[[ Stored data open ]]
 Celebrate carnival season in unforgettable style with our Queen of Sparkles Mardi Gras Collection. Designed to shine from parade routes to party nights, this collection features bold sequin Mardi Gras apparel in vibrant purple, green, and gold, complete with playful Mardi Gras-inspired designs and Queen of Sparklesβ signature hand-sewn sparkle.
[[ Stored data closed ]]
[[ Stored data open ]]
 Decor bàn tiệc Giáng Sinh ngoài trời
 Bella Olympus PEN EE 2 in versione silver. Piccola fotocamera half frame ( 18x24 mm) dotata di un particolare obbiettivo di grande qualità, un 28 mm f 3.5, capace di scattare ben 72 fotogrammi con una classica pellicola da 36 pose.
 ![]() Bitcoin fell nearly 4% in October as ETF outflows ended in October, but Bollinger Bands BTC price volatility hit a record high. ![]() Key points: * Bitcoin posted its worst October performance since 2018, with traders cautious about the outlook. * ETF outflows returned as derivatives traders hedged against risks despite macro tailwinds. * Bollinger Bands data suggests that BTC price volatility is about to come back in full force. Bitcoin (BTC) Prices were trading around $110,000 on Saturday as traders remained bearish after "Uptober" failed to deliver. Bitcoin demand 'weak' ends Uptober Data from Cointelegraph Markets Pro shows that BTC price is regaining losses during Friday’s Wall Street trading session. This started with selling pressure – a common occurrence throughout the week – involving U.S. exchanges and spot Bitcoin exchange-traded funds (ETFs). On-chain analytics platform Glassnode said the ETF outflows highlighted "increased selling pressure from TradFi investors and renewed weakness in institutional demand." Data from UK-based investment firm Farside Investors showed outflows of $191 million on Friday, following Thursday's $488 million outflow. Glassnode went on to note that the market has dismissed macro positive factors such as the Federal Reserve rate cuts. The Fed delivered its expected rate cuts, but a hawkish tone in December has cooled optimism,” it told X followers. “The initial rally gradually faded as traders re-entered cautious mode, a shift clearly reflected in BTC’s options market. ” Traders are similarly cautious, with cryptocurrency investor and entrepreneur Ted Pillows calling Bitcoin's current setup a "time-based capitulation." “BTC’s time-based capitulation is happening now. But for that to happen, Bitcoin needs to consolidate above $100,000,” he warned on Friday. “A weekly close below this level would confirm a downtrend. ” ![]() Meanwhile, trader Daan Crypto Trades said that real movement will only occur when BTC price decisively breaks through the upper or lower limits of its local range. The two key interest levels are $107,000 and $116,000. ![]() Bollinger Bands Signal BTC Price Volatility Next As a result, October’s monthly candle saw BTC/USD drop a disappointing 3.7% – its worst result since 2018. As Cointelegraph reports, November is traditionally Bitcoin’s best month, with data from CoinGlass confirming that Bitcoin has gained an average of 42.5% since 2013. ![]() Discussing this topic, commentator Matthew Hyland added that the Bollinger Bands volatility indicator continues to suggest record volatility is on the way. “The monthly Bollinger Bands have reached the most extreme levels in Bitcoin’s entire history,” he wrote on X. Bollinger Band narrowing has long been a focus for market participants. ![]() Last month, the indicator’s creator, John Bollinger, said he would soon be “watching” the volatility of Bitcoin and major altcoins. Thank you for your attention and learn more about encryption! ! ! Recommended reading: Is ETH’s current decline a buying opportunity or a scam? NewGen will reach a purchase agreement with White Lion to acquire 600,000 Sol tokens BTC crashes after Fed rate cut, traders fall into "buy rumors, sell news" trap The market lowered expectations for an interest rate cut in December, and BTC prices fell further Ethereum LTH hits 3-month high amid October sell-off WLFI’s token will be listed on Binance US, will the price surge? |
[[ Stored data closed ]]
Using the entries above, give back exactly the line containing "Decor bàn tiệc Giáng Sinh ngoài trời", the line containing "Bella Olympus PEN", and every line between them, and nothing else.

 Decor bàn tiệc Giáng Sinh ngoài trời
 Bella Olympus PEN EE 2 in versione silver. Piccola fotocamera half frame ( 18x24 mm) dotata di un particolare obbiettivo di grande qualità, un 28 mm f 3.5, capace di scattare ben 72 fotogrammi con una classica pellicola da 36 pose.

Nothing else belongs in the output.